A crucial part of SSL’s effectiveness lies in the fact that before the encryption process is even begun, the website actually verifies its identity to your browser. If your browser cannot verify that the site is actually what it claims to be, you’ll get a pop-up window alerting you to an “untrusted” security certificate. While there can be benign reasons behind an SSL verification warning, Kennedy advises that when using public Wi-Fi, “If you see this warning, do not visit the site. Period.”
Use a VPN service
If you’d like to ensure that all of your browsing traffic is encrypted, no matter what sites you visit or mobile apps you use, consider signing up for a VPN (virtual private network) service. A VPN service adds a physical barrier between you and the web by routing all of your communications, in an encrypted format, through a physical server controlled by the VPN company. It is only after your encrypted communication passes through the VPN server that it reaches the web. Someone snooping on traffic over the Wi-Fi network will just see garbled data passing between your computer or device and this secondary VPN server. Because the interaction with the web is actually happening through a middleman – the VPN server – a measure of user anonymity is provided as well. Two reliable and low-cost VPN services that I use regularly are Private Internet Access and TunnelBear. Both can be used with desktop computers as well as Android and iOS devices, with monthly subscriptions available for less than $7 and prepaid annual plans offered at a discounted rate.

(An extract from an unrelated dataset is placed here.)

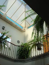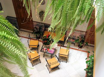 Our home for the next two days is the tiny Pension Cordoba, a dozen tidy rooms in an old house with a showpiece tiled courtyard in the middle. The day was unseasonably hot -- somewhere in the mid-90s -- and the air conditioning in the room was a VERY welcome amenity!

Keep your software up to date
Data security is an arms race, and to keep your defenses up, it is crucial that you’re running the latest updates for your operating system and web browser. This point was emphasized just last month, as Apple was forced to issue updates to its iOS and OS X users to fix a bug that compromised SSL encryption.
There’s no magic bullet for data security. While site owners and retailers must clearly step up their game in protecting our privacy, we also need to do our part in eliminating at least the low-hanging fruit for hackers. Fortunately, with just a little awareness, and these simple steps, you can protect your data and still enjoy the convenience of public Wi-Fi.